WHAT THIS TASK INVOLVES —
Your copy of the listing should match it exactly, only without pictures.

PROVIDED DATA —
"""
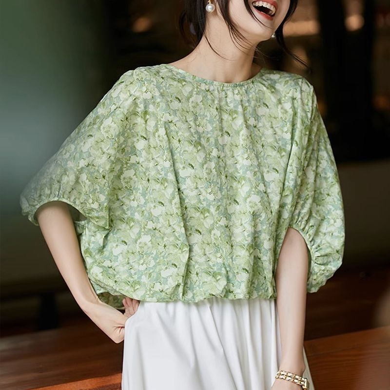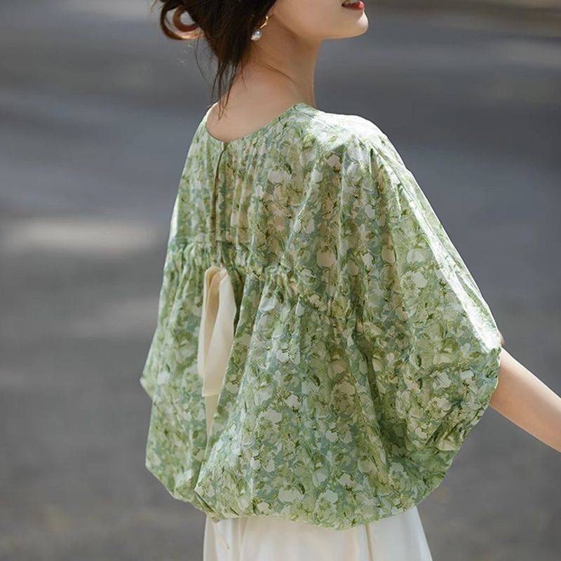 雪紡衫短袖蝙蝠袖女,夏季新款氣質寬鬆垂感冰冷感防曬寬鬆襯衫上衣
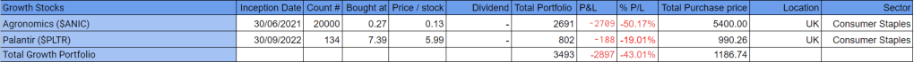 I also own 2 growth stocks. Notice how I am down more on this whole portfolio then on my complete dividend portfolio this year! I do see Agronomics a bit as a donation into something our planet really needs but as for other growth stocks I will be very careful to invest in these going forward.
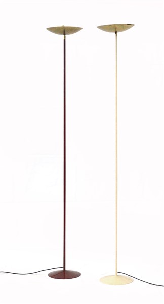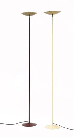 Lotto di due lampade da terra alogene con base e fusto in metallo verniciato bordeaux e bianco, paralume a coppa orientabile e snodo in ottone. Italia, anni '80. (h cm 181) (lievi difetti)
"""
SOLUTION TO THE EXERCISE —
 雪紡衫短袖蝙蝠袖女,夏季新款氣質寬鬆垂感冰冷感防曬寬鬆襯衫上衣
 I also own 2 growth stocks. Notice how I am down more on this whole portfolio then on my complete dividend portfolio this year! I do see Agronomics a bit as a donation into something our planet really needs but as for other growth stocks I will be very careful to invest in these going forward.
 Lotto di due lampade da terra alogene con base e fusto in metallo verniciato bordeaux e bianco, paralume a coppa orientabile e snodo in ottone. Italia, anni '80. (h cm 181) (lievi difetti)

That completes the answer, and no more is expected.